I take a deep breath and open the bin. Flies buzz out. Maggots are squirming among the rancid contents. The oldest bags have bio-degraded and split apart. The oldest things that used to be food have liquified. Some of the maggots have drowned in it.

How can stuff that is essentially edible and nutritious transform into something so corrupt and poisonous in less than a month? I could add a picture of maggots and rubbish right here. But that wouldn't convey the smell- It was e v i l.

I started picking out what I could using the brown paper to reinforce the fragile bags. J couldn't open the big compostable bags so E took over, holding one open for me while trying to remain as far away as possible from what I was holding. I lowered the decomposing food into the new bag as carefully as possible. But there was a certain amount of spatter. And maggots fell onto the driveway.

M and J protested loudly and ran inside. E desperately wanted to join them but I growled 'Stay where you are and hold the bag!!' in a voice that scared both of us.

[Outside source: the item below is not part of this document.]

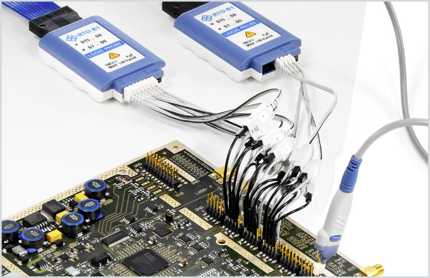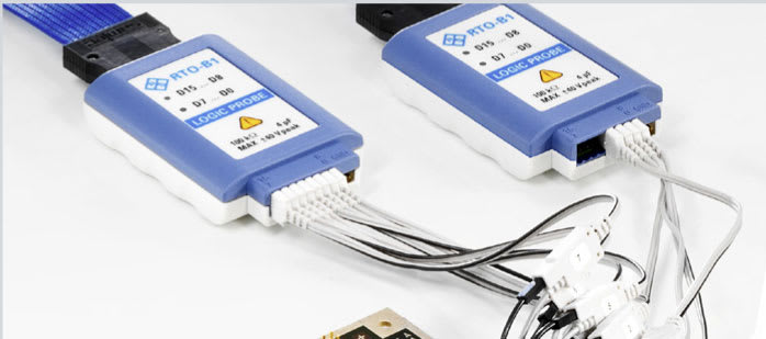 arranged in two logic probes with 8 channels each, assignment of the logic probes to the channels (D0 to D7 or D8 to D15) is displayed on the probe |

Down and down I reached into the rancid soup of disintegrating food-bin filth. And slowly transferred it bit by bit into the bag Ethan was reluctantly holding.

Eww Eww Eww...

It was the singular most disgusting thing I have ever had to do in my whole life. And I have done a fair few disgusting things. I used to be a nurse- I got paid to do some of them. I have smiled and chatted with elderly patients and not gagged while dressing necrosing leg ulcers. I've had 3 babies and been involved in more than one drunken night out which ended with someone losing a night's worth of vodka in reverse. I have inserted one of my own fingers inside the body of another human being in order to deliver a prescribed medication. I have been involved in the unblocking of portable toilets at festivals which involved handling used tampons that were not my own. 

This was worse.

Once the solid contents had been evacuated, there was 4-5 inches of putrid orange water in the bottom of the bin, with dozens of maggot carcases floating in it.

This was disposed of down the nearest drain, then the bin bleached and rinsed out three times. It is still recovering in the front garden. 

I spent a lonnnggg time in the bath and am recovering on the couch with a glass of wine. And I can still smell the bin.